Banalisation à bas bruit
La conquête des communautés de communes, d’agglo et autres métropoles par le RN et sa banalisation à bas bruit « pose un gros problème démocratique, quand les mêmes maires qui siègent dans les intercos ont été élus dans leur commune grâce au front républicain ! », alerte le politologue lillois Fabien Desage dans Mediapart. « Jusqu’à présent, on n’a entendu nulle part parler de cordon sanitaire vis-à-vis de l’extrême droite dans ces instances », pointait-il au lendemain des dernières élections municipales.
De fait, ces intercommunalités – perçues comme lointaines et mal identifiées par leurs habitants – offrent au RN des espaces pour faire tomber les barrières. Et expérimenter « l’union des droites » loin des radars médiatiques nationaux.
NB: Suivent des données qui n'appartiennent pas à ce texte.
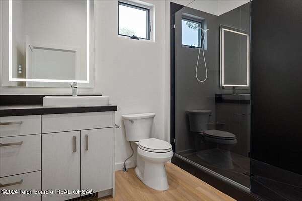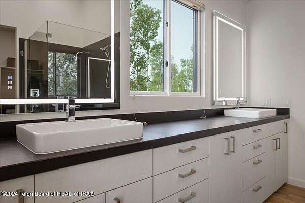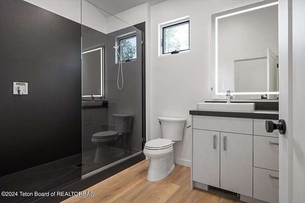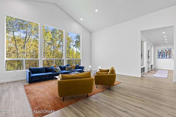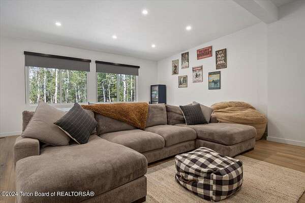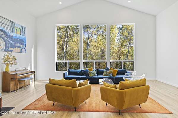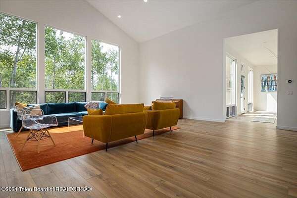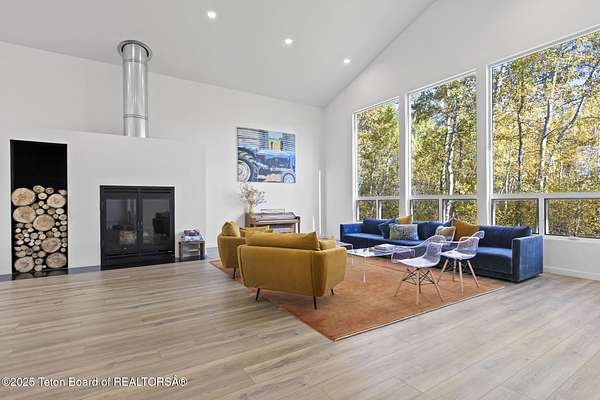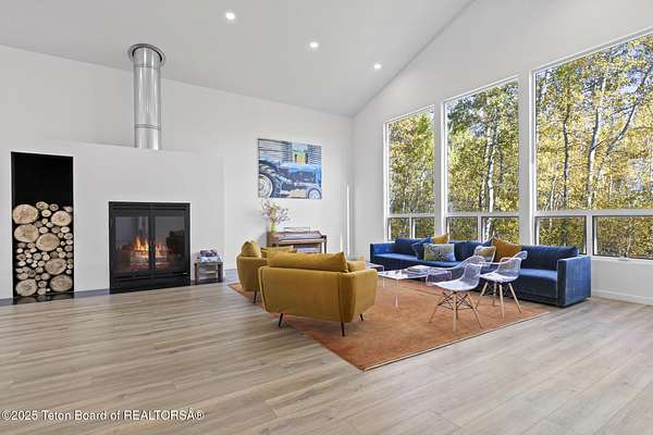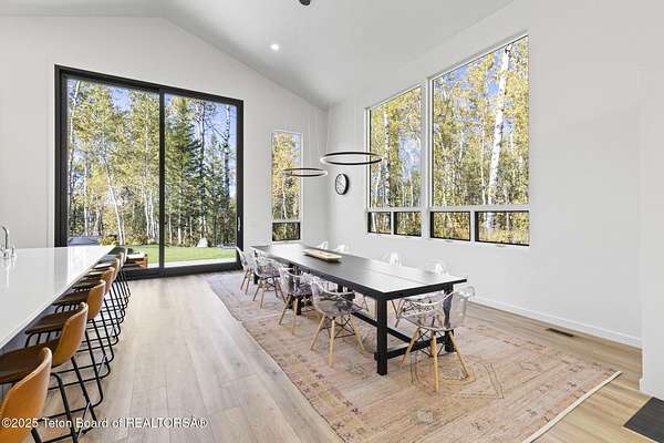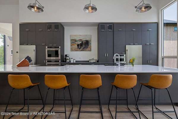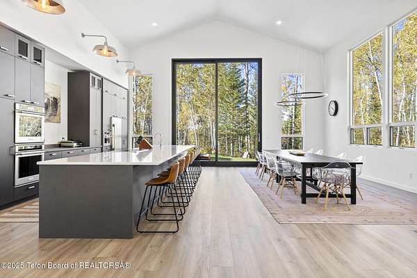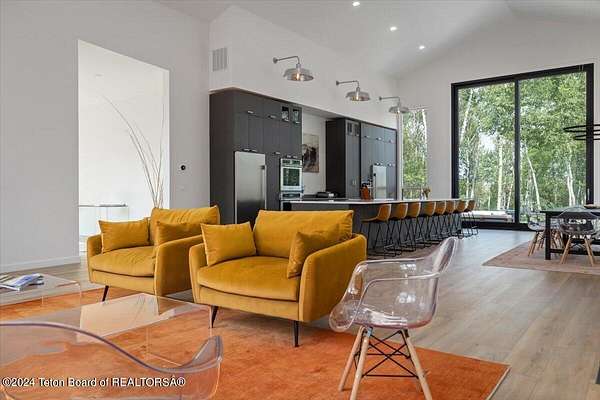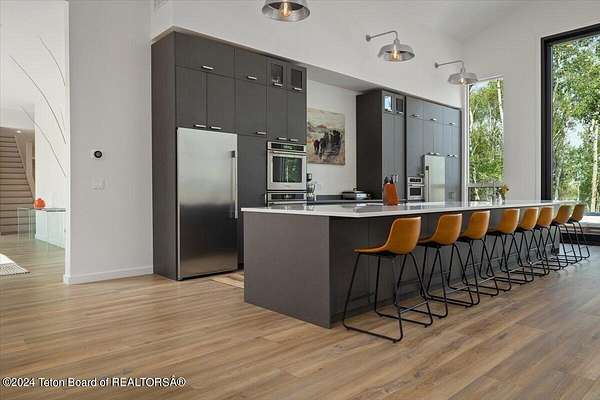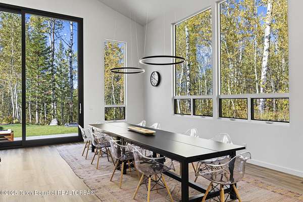 Welcome home to this exquisite modern farmhouse nestled amongst old growth Aspen Forest at Galloway Hills. Experience the perfect blend of contemporary style and natural beauty in this one-of-a-kind Teton Valley property. Sitting on a serene 3-acre parcel, this peaceful retreat offers unparalleled privacy and character. Step inside to a bright, open floor plan that seamlessly blends indoor and outdoor living. Expansive windows, punctuated by a tremendous 14ft sliding glass door, absolutely flood the space with natural light and views of Aspen forest from every window. Designed to a grand scale, huge spaces, high ceilings, over height doors and windows overcome the visitor at each turn. Finished to suit the most discriminating Buyer, mountain luxury abounds throughout ...see ''More'' Each of 5 spacious Bedrooms is suited with a large Bath featuring impressive solid surface tile showers, expansive Chefs Kitchen with induction range, double oven, full size standing Refrigerator and Freezer, 2 Dishwashers, 20ft Kitchen Island, 3 complete Laundry Stations, high fficiency construction with super high efficiency insulation in roof, walls, floor and crawl space (see spec sheet in Documents for more on construction and finish), huge 3 bay garage with over height doors, storage and workspace, wonderfully landscaped outdoor spaces with large patio for outdoor living and dining, hot tub, pickleball/sport court, in ground trampoline with LED lights, Two 1000gal propane tanks, plenty of room to build a barn/shop and/or guest home, the list goes on. Galloway Hills is wonderfully located adjacent to the North and South Leigh trail network offering immediate access to National Forest Wilderness and abundant wildlife, steps to Stateline Rd for short cut access to Grand Targhee Mountain Resort, 10 minutes from Driggs for shopping, restaurants, amenities and services and is conveniently located to all of the other amenities and recreational opportunities that Teton Valley has to offer.

Après les dernières municipales, Romain Lemoigne, le jeune maire RN de La Flèche a ainsi été élu par ses homologues à la tête de la communauté de communes. Depuis le précédent mandat, le président LR de l’agglomération Estérel-Côte d’Azur (120 000 habitants), Frédéric Masquelier, pilote ainsi son intercommunalité avec à ses côtés, comme premier vice-président, le maire de Fréjus David Rachline.
Aujourd’hui mis au ban du Rassemblement national [1], l’édile varois était un des deux ambassadeurs du lepénisme municipal (avec Steeve Briois à Hénin-Beaumont) en 2014. Son arrivée à l’hôtel de ville de Fréjus s’était traduite par une reprise en main des conseils de quartier, la baisse des subventions à nombre d’associations ou encore la rupture avec un centre social de la commune.
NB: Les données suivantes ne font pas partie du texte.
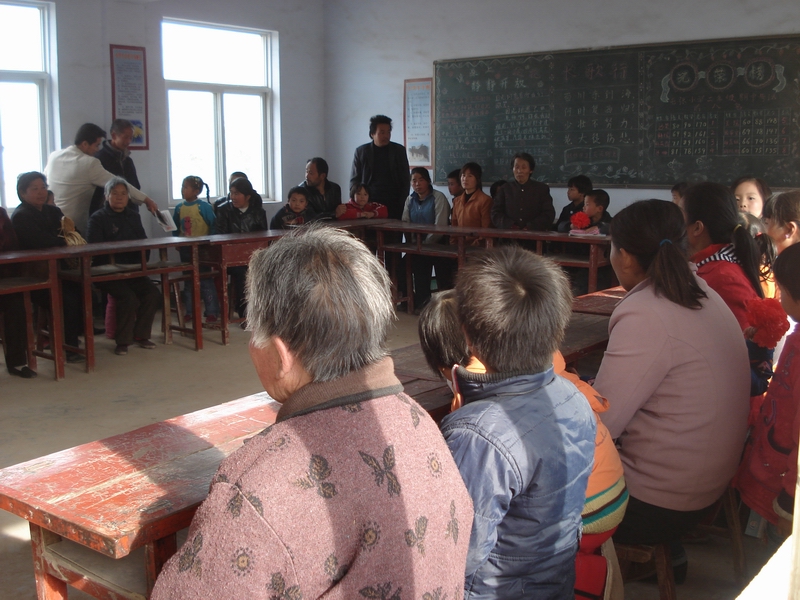 大会结束后是分班到教室——家长和班主任、代课教师具体探讨对子女的教育方法,进行面对面沟通。二年级班主任把课桌围成一圈,有利于回答每一位家长的问题。

Douze ans plus tard, les méthodes des nouveaux élus d’extrême droite résonnent comme un écho. Mais, désormais, aux quatre coins du pays.
Par Benjamin Peyrel et Nicolas Barriquand (Mediacités)
[1] Infréquentable. Sa gestion de la ville de Fréjus, documentée dans Les Rapaces, de la journaliste Camille Vigogne Le Coat, sa proximité affichée avec des identitaires et son procès pour prise illégale d’intérêts (il a été relaxé en première instance) ont rendu David Rachline, un temps proche de Marine Le Pen, infréquentable.